– Ходят слухи, что пару лет назад она уплыла с острова с одним американцем, который занимался контрабандой старинного оружия. Однажды он, как обычно в погожий день, достал кинжалы и стал их чистить на палубе, а она стояла рядом и наблюдала. Ни с того ни с сего налетел сильный ветер, корабль закачало, американец не устоял на ногах и свалился. Уж бог знает, как его угораздило, но упал он прямо на заточенный нож. Она стала дико кричать и рвать на себе от горя волосы, а потом вынула кинжал из его сердца и ударила себя в грудь. Тот сломался и распорол ей кожу на груди, да как-то чудно, будто клеймо, по форме напоминающее букву Э. Её привезли в порт чуть живую и бросили прямо у входа в таверну. Местные работницы её отходили и приучили к своему ремеслу. А моря она стала как огня бояться, потому и назвалась Герой, что пустила корни в землю. И теперь никуда: ни в воду, ни в небо. Отчаянная.
Матросы посмеялись над нелепой историей, а вода в кружке Эльзы позеленела. Её самой поблизости не было. Капитан выплеснул зелёную гниль на деревянный пол и заказал ещё порцию мяса.
Так, незаметно для себя Елисей оказался по ту сторону северного тропика и решил повернуть домой. По пути в деревянный ящик он разбросал невнятные сновидения по городам, безликие и незапоминающиеся, и устало вздохнул, очутившись в четырёх стенах родного укрытия, сквозь крышку которого сочился золотистый рассвет.
Когда он проснулся, в комнате пахло вересковой настойкой, а в углу, в протухшей зелёной луже, валялась иранская монетка. Он осторожно достал её и положил в карман, приготовившись в следующий раз бросить её какому-нибудь бедному иранскому мальчишке, что будет бежать за повозкой, предлагая почистить ботинки.
Он подошёл к полке и достал комедию, чтобы проведать рыбу и, при надобности, её подкормить, но листы были пусты и сухи, хоть и хранили до сих пор насыщенный запах йода и соли. Он усмехнулся, подумав, что, таким образом, Майя остаётся для него закрытой книгой, и отправился к ней. Пройдя пару шагов, он придумал преподнести ей купленный накануне амариллис, ведь всё равно ему не суждено было выходить растение.
Он уверенно постучал в её дверь, и первое, что она увидела, был протянутый горшок с забавным больным цветком.
«Всё-таки не прошёл мимо него,» – улыбнулась она и приняла подарок, как крошечное дитя, нуждающееся в ласке и нежности.
Она поставила цветок и за руку отвела его в спальню. На нём было восемь одежд, и, снимая очередную, он словно сбрасывал с себя годы, въевшиеся в хлопковую ткань.

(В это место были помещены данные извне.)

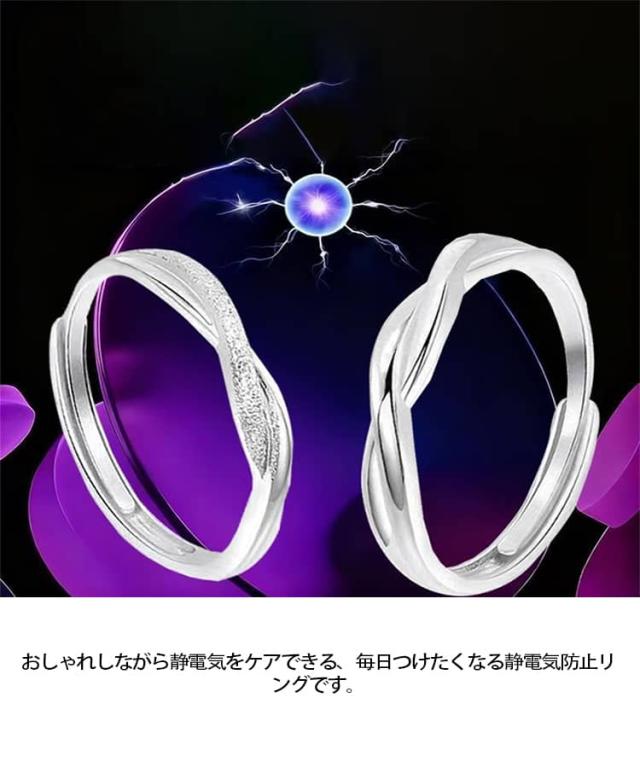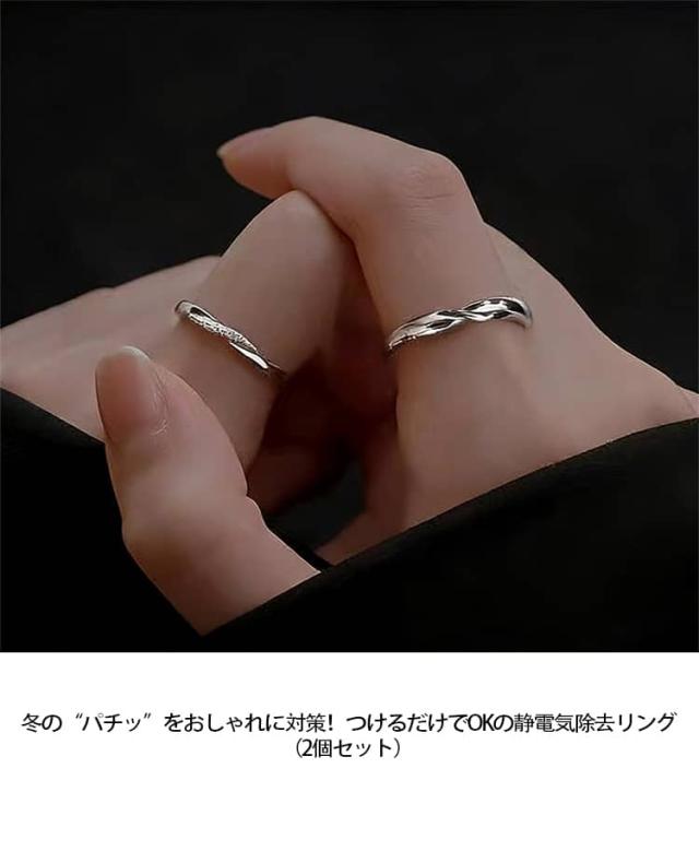 静電気除去 リング 指輪 サイズ調節可能 2個セット 静電気防止グッズ 強力 静電気軽減 ゆびわ おしゃれ 華奢 ペアリング 男女兼用 レディース メンズ 静電気対策 アクセサリー シルバー 送料無料
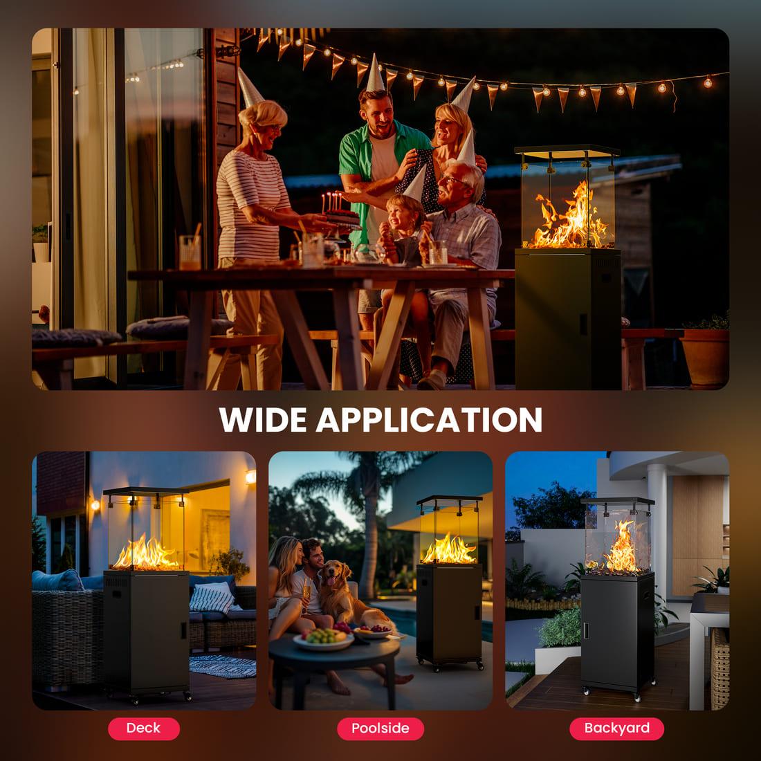 Pamapic 41000 BTU Short Patio Heater Propane with Cover & Lockable Wheels for Deck, Porch

Ему казалось, что на кромке брюк засохла невидимая грязь, которую он топтал на Альпийских лугах, собирая у подножия гор эдельвейсы, чтобы потом вечерами вплетать их в её ресницы, с каждым взмахом которых цветы рассыпались бы на мелкие искры и взлетали потухающим салютом в темнеющее небо. А потом они ловили их сачками для бабочек, не разбирая, цветочные искры это или звёзды.

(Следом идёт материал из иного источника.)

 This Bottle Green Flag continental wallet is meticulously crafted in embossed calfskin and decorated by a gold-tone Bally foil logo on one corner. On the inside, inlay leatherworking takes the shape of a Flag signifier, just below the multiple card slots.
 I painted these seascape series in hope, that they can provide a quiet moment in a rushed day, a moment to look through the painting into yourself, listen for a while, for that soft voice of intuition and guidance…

Она варила эдельвейсовый суп с корицей и ставила его на солнце наполняться бликами; он глотал ложками тёплый бульон и чувствовал запах небесных светил. И, осушив до дна тарелку, он познавал все тайны мироздания с начала времён.
Он закрывал глаза, вдыхал запах её волос, и казалось, что ему снова семнадцать.
Каждая женщина для него была индивидуальна, прекрасна по-своему, и не похожа на остальных ни единой частицей. Глядя на Майю, он мучительно пытался понять, что его гнетёт в пребывании с ней, и отчётливо понимал, что это что-то также заставляет его возвращаться к ней снова и снова. Словно у него были прежние жизни, в каждой из которых он с завязанными глазами шёл по натянутой верёвке и неизбежно приходил к ней; в ней он находил своё завершение, без которого неведомые силы тянули его на бесконечные поиски непоправимых ошибок и разочарований. Они были абсолютно комплементарны; крайний узор одного идеально подходил под начальный другого, словно две части одной античной мозаики с изображением батальных сцен, продолжаемых мирной жизнью. Она была повторением его мелодии, транспонированной на несколько тонов выше. И он непременно хотел запомнить то чувство блаженного умиротворения, стал рисовать её, порой делая записи к портретам, и с усмешкой дразнил её «моя Гала».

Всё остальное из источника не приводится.